CoreChem:Hydration of Ions
From ChemPRIME
The resolution of this apparent paradox lies in the interactions between ions and the molecules of water or other polar solvents. The negative (oxygen) side of a dipolar water molecule attracts and is attracted by any positive ion in solution. Because of this ion-dipole force, water molecules cluster around positive ions, as shown in Figure 1a. Similarly, the positive (hydrogen) ends of water molecules are attracted to negative ions. This process, in which either a positive or a negative ion attracts water molecules to its immediate vicinity, is called hydration.

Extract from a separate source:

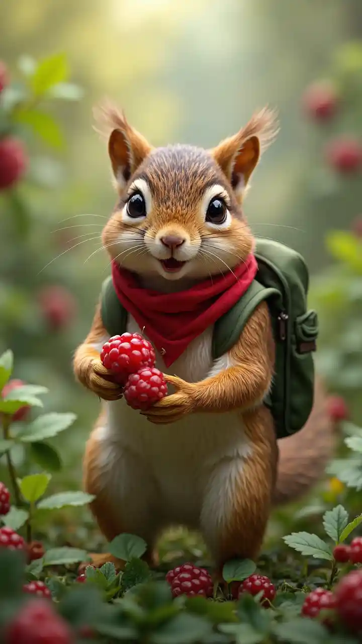 Ein realistisches Bild einer fliegenden Ratte mit rotem Ninja-Schal und grüner Essenslieferung, die Himbeeren aus einem Gebüsch pflückt und in einen Rucksack steckt.

When water molecules move closer to ions under the influence of their mutual attraction, there is a net lowering of the potential energy of the microscopic particles. This counteracts the increase in potential energy which occurs when ions are separated from a crystal lattice against their attractions for other ions.
Thus the process of dissolving an ionic solid may be divided into the two hypothetical steps shown in Fig. 2. First, the crystalline salt is separated into gaseous ions. The heat energy absorbed when the ions are separated this way is called the lattice enthalpy (or sometimes the lattice energy). Next, the separate ions are placed in solution; that is, water molecules are permitted to surround the ions. The enthalpy change for this process is called the hydration enthalpy.
 |
Task: This image should be re-done, according to the corrections for 2nd ed. Jshorb 01:09, 4 September 2009 (UTC) ( John Moore ) |
Since there is a lowering of the potential energy of the ions and water molecules, heat energy is given off and hydration enthalpies are invariably negative.
The heat energy absorbed when a solute dissolves (at a pressure of 1.00 atm) is called the enthalpy of solution. It can be calculated using Hess' law, provided the lattice enthalpy and hydration enthalpy are known.
EXAMPLE 1 Using data given in Fig. 2, calculate the enthalpy of solution for NaCl(s).
Solution According to the figure, the lattice enthalpy is 773 kJ mol–1. The hydration enthalpy is – 769 kJ mol–1. Thus we can write the thermo-chemical equations
NaCl(s) → Na+(g) + Cl–(g) ΔHl = 773 kJ mol–1
Na+(g) + Cl–(g) → Na+(aq) + Cl–(aq) ΔHh = –769 kJ mol–1
NaCl(s) → Na+(aq) + Cl–(aq) ΔHs = ΔHl + ΔHh
ΔHs = (773 – 769) kJ mol–1 = +4 kJ mol–1
When NaCl(s) dissolves, 773 kJ is required to pull apart a mole of Na+ ions from a mole of Cl– ions, but almost all of this requirement is provided by the 769 kJ released when the mole of Na+ and the mole of Cl– becomes surrounded by water dipoles. Only 4 kJ of heat energy is absorbed from the surroundings when a mole of NaCl(s) dissolves. You can verify the small size of this enthalpy change by putting a few grains of salt on your moist tongue. The quantity of heat energy absorbed as the salt dissolves is so small that you will feel no cooling, even though your tongue is quite a sensitive indicator of temperature changes.
Few molecules are both small enough and polar to cluster around positive and negative ions in solution as water does. Consequently water is one of the few liquids which readily dissolves many ionic solids. Hydration of Na+, Cl– and other ions in aqueous solution prevents them from attracting each other into a crystal lattice and precipitating.